Higher interest rates have so fundamentally shifted the financial environment that investors must focus on a company’s ability to maintain margins rather than just its growth prospects, veteran private equity executive Chip Kaye said.
“This moment is different than anything we have had in the 40 years before . . . with inflation proving stickier and interest rates higher than currently expected — and more complicated great-power politics adding to that dynamic,” said Kaye, who started at Warburg Pincus in 1986 and has been its chief executive for two decades.
“If you could pick one characteristic of a business and that’s how you decide whether to invest, it would be pricing,” he told the Financial Times. “Lean into businesses that feel like they have the ability to adapt to a higher-inflation environment.”
This moment is different than anything we have had in the 40 years before
Warburg Pincus is a traditional private equity firm with more than $80bn in assets under management that focused on growth investment. Unlike competitors that have sprawled into other areas and listed publicly, it is still a partnership.
Kaye said that when the firm looks at a potential investment’s product, whether in goods or services, it considers, “what are the alternatives, what is the ease of switching, and what is the contribution to the customer’s end-product?” Kaye said.
The flip side of that advice is that Kaye looks sceptically at lossmaking technology businesses that can no longer rely on free-flowing investor cash to subsidise their services. “When a $4 taco costs $1 to have it delivered, that’s one thing. When the $4 taco costs $8 with delivery, that’s different,” he said.
Pricing power may vary depending on the situation. If something is a relatively small part of the overall cost, customers may not bother to switch suppliers if the price goes up.

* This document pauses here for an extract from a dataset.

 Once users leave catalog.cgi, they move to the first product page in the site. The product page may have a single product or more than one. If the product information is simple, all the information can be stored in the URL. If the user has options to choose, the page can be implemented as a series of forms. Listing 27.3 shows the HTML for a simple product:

It can also be controversial. Researchers at the University of Massachusetts suggested this year that some companies were using pandemic-era shortages to push up margins, dubbing the process “greedflation”, although groups such as Procter & Gamble have hit back.

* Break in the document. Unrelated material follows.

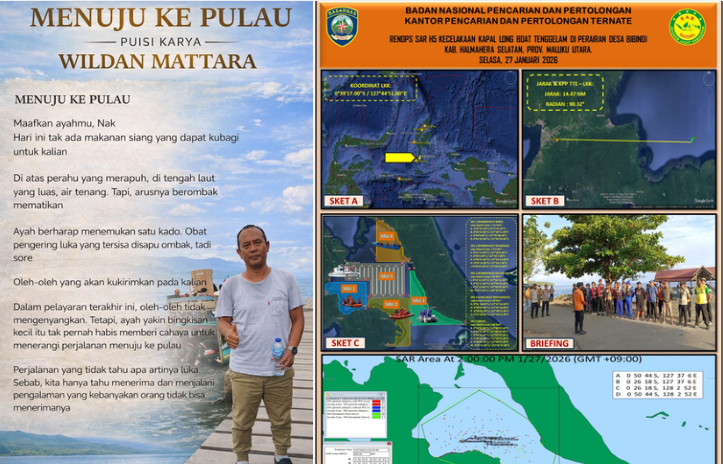 Dr. Wildan pernah menulis tentang perjalanan. Tentang seorang ayah, sebuah perahu, dan laut yang tampak tenang namun menyimpan arus mematikan. Puisinya berjudul Menuju ke Pulau. Hari ini, puisi itu tidak lagi sekadar karya sastra. Ia menjelma menjadi cermin yang memantulkan kenyataan pahit yang sedang kami hadapi.

Kaye argued that Warburg does not seek that kind of profit growth. Instead it works “with portfolio companies across every function to help drive efficiency . . . These steps ultimately deliver better value at lower cost and position companies for stable growth.”

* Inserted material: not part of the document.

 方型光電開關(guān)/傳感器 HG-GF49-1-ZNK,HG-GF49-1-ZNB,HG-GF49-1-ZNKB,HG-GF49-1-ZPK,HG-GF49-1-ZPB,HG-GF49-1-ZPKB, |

Overall, he said, investors are having to come to terms with mistakes made in 2021 and earlier. “We all misread the pandemic. We read it as a demand shock and it wasn’t really — it was more a substitution of goods for services.”
“In today’s markets, we are seeing some of the consequences of that natural tendency to underappreciate risk when times are good,” he said.
“The investing environment will be more challenging — but the opportunity to differentiate should be exciting to investors.”